_Problem to solve_
Leaving the images aside, transcribe all the data below exactly.

Saved entries
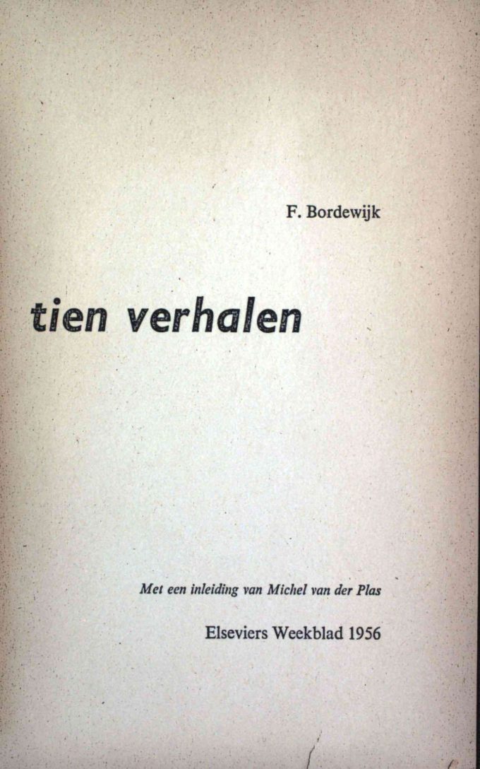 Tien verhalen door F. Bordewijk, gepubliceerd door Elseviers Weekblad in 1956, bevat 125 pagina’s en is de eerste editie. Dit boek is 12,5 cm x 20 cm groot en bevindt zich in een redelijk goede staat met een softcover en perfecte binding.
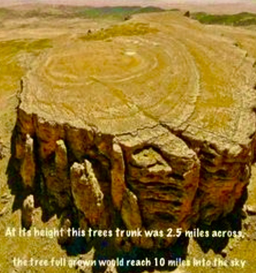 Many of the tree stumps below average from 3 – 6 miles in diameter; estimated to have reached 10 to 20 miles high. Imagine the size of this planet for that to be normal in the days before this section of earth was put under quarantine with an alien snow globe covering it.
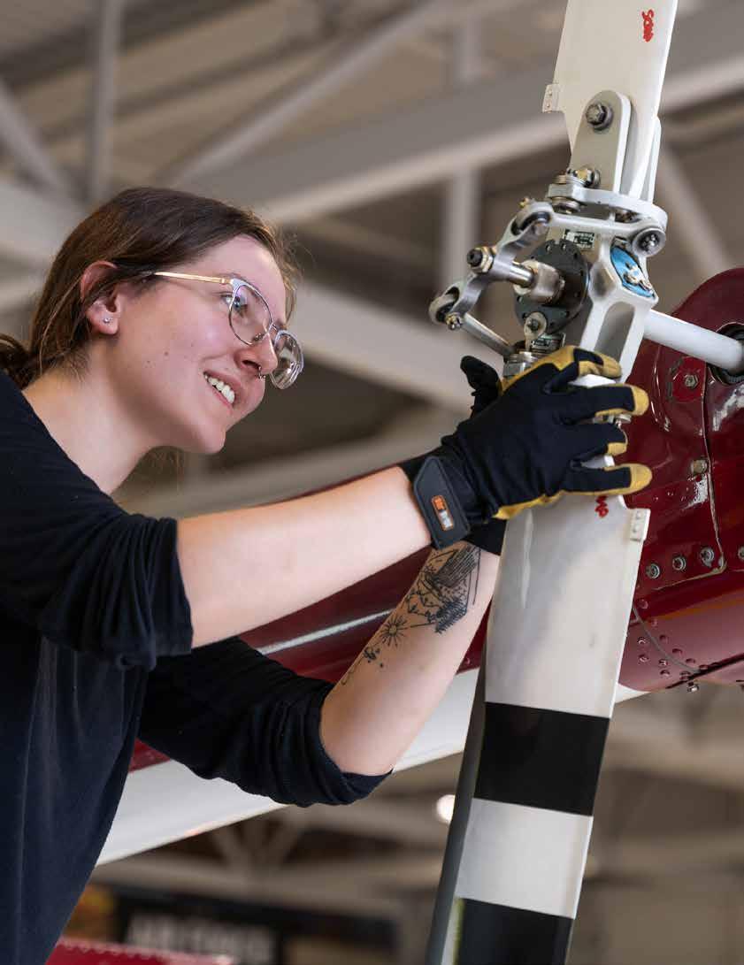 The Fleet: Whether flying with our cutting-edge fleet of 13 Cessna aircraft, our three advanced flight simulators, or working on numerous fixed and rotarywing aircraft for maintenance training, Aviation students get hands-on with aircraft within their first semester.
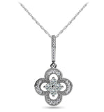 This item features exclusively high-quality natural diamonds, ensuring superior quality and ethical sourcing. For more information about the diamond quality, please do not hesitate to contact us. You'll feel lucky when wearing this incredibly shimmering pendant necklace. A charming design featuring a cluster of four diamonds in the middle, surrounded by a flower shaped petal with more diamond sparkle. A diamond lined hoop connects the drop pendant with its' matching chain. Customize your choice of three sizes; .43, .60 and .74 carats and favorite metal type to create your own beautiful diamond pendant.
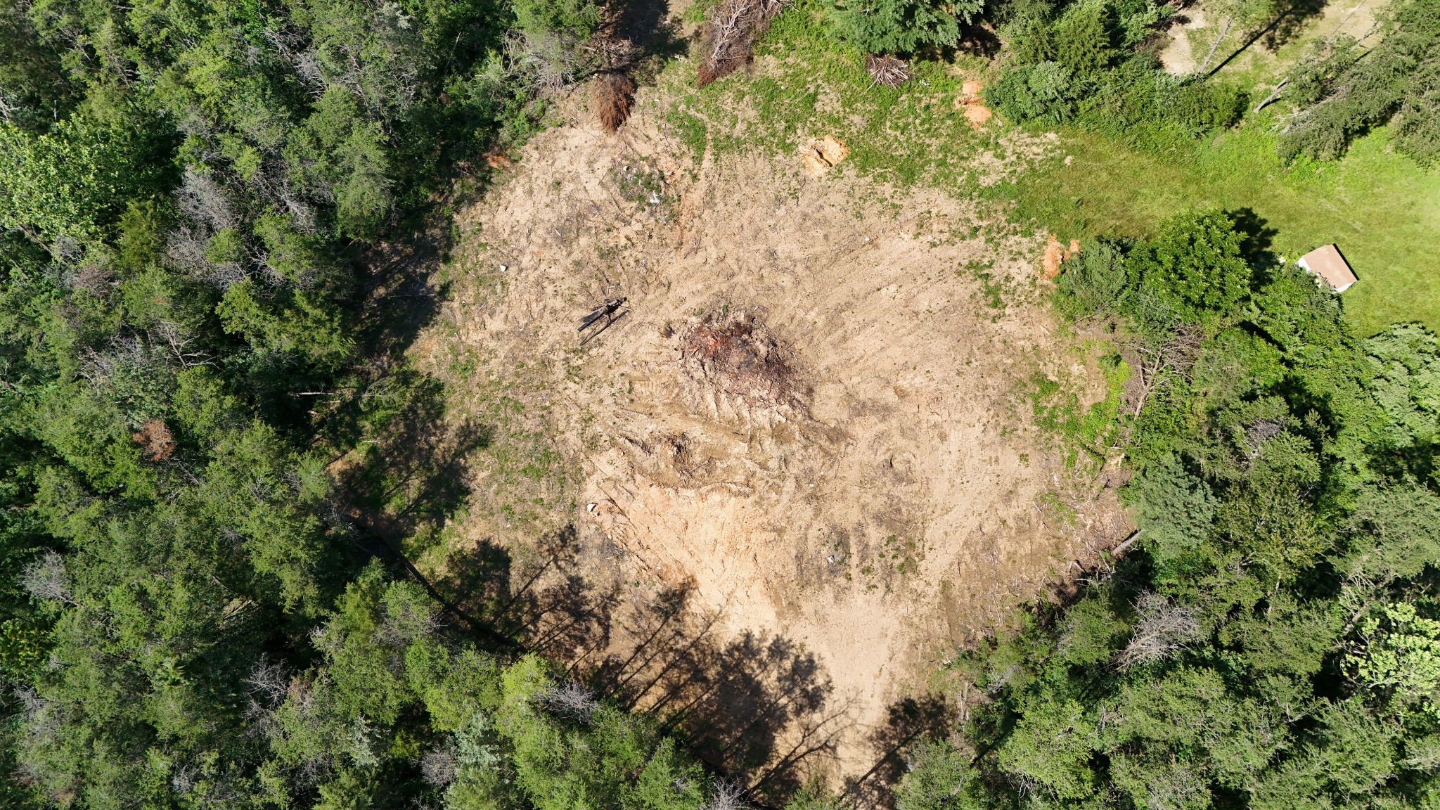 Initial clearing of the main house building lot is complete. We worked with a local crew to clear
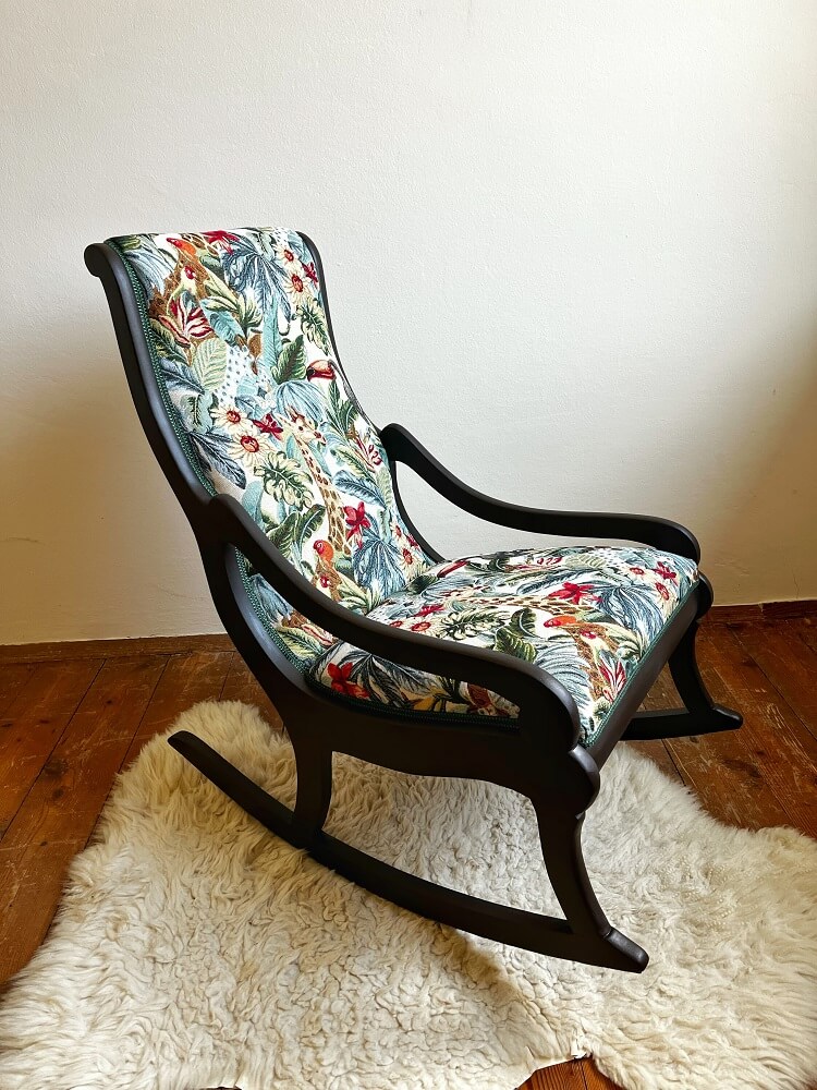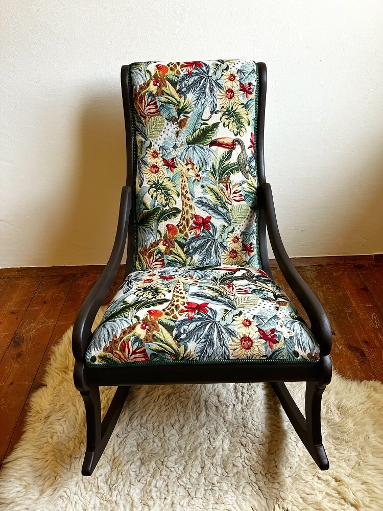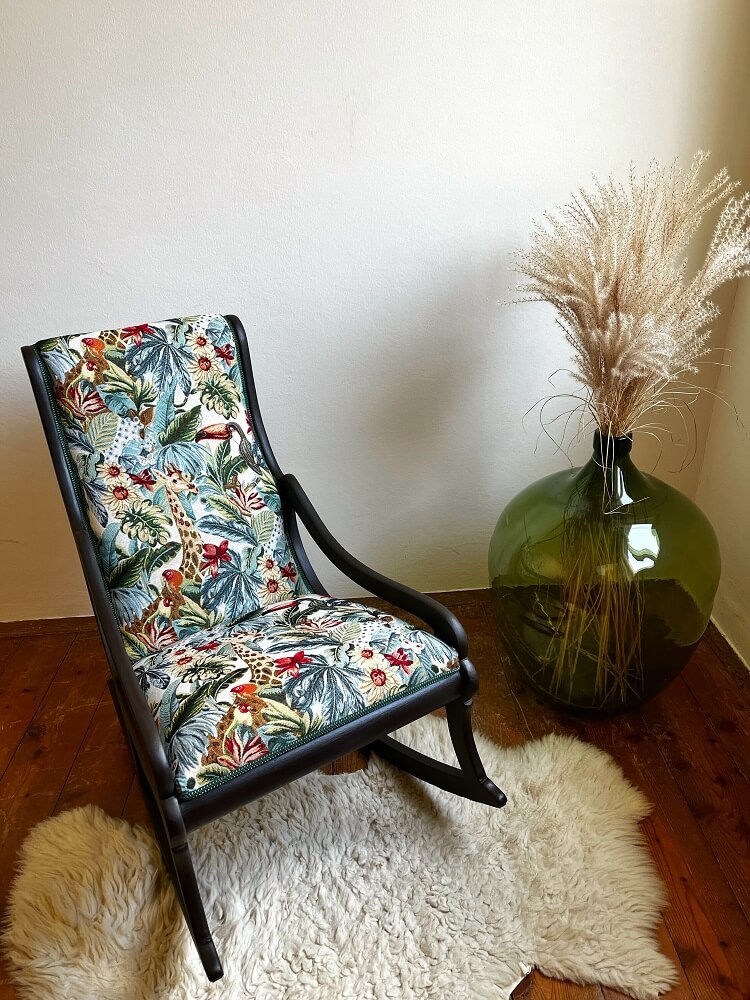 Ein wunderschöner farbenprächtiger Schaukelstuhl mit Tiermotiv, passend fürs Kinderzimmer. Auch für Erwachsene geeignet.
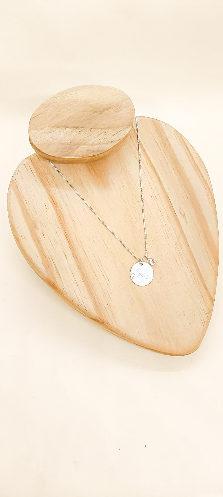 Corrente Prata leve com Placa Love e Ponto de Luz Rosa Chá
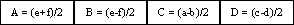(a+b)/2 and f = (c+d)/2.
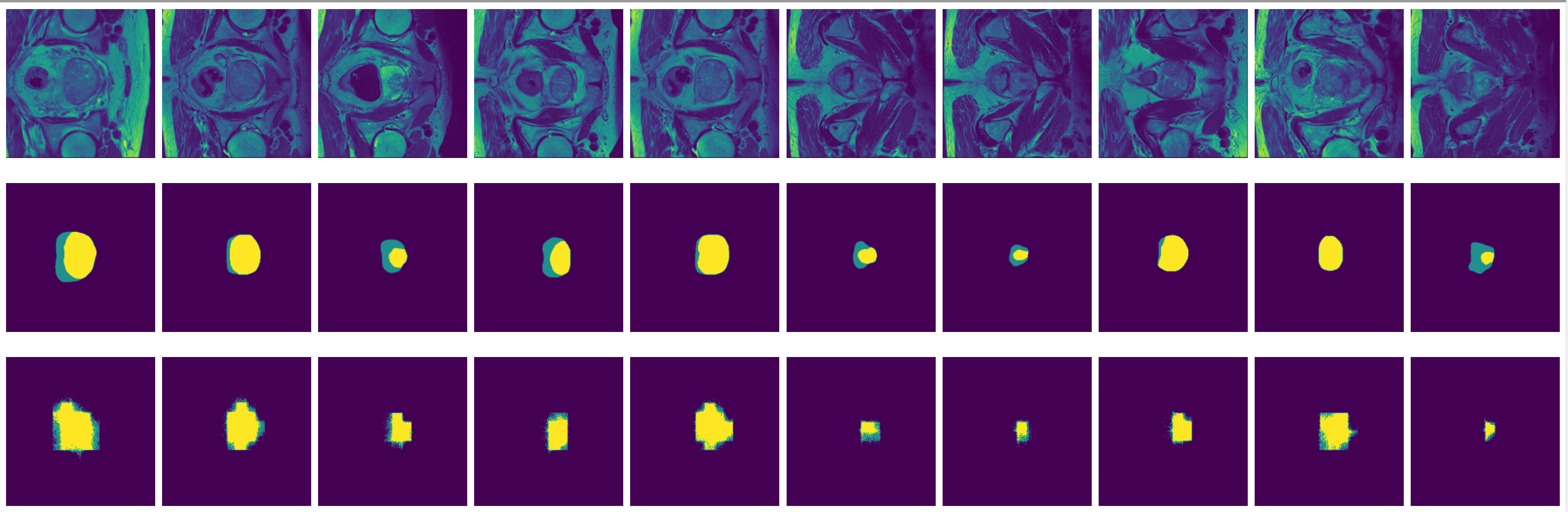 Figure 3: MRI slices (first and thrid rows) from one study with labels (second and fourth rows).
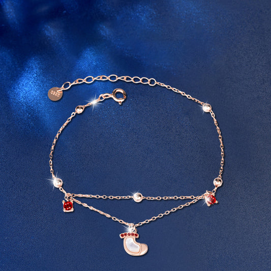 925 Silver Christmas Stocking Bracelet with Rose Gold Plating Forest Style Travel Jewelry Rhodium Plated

_Task answer_
 Tien verhalen door F. Bordewijk, gepubliceerd door Elseviers Weekblad in 1956, bevat 125 pagina’s en is de eerste editie. Dit boek is 12,5 cm x 20 cm groot en bevindt zich in een redelijk goede staat met een softcover en perfecte binding.
 Many of the tree stumps below average from 3 – 6 miles in diameter; estimated to have reached 10 to 20 miles high. Imagine the size of this planet for that to be normal in the days before this section of earth was put under quarantine with an alien snow globe covering it.
 The Fleet: Whether flying with our cutting-edge fleet of 13 Cessna aircraft, our three advanced flight simulators, or working on numerous fixed and rotarywing aircraft for maintenance training, Aviation students get hands-on with aircraft within their first semester.
 This item features exclusively high-quality natural diamonds, ensuring superior quality and ethical sourcing. For more information about the diamond quality, please do not hesitate to contact us. You'll feel lucky when wearing this incredibly shimmering pendant necklace. A charming design featuring a cluster of four diamonds in the middle, surrounded by a flower shaped petal with more diamond sparkle. A diamond lined hoop connects the drop pendant with its' matching chain. Customize your choice of three sizes; .43, .60 and .74 carats and favorite metal type to create your own beautiful diamond pendant.
 Initial clearing of the main house building lot is complete. We worked with a local crew to clear
 Ein wunderschöner farbenprächtiger Schaukelstuhl mit Tiermotiv, passend fürs Kinderzimmer. Auch für Erwachsene geeignet.
 Corrente Prata leve com Placa Love e Ponto de Luz Rosa Chá
(a+b)/2 and f = (c+d)/2.
 Figure 3: MRI slices (first and thrid rows) from one study with labels (second and fourth rows).
 925 Silver Christmas Stocking Bracelet with Rose Gold Plating Forest Style Travel Jewelry Rhodium Plated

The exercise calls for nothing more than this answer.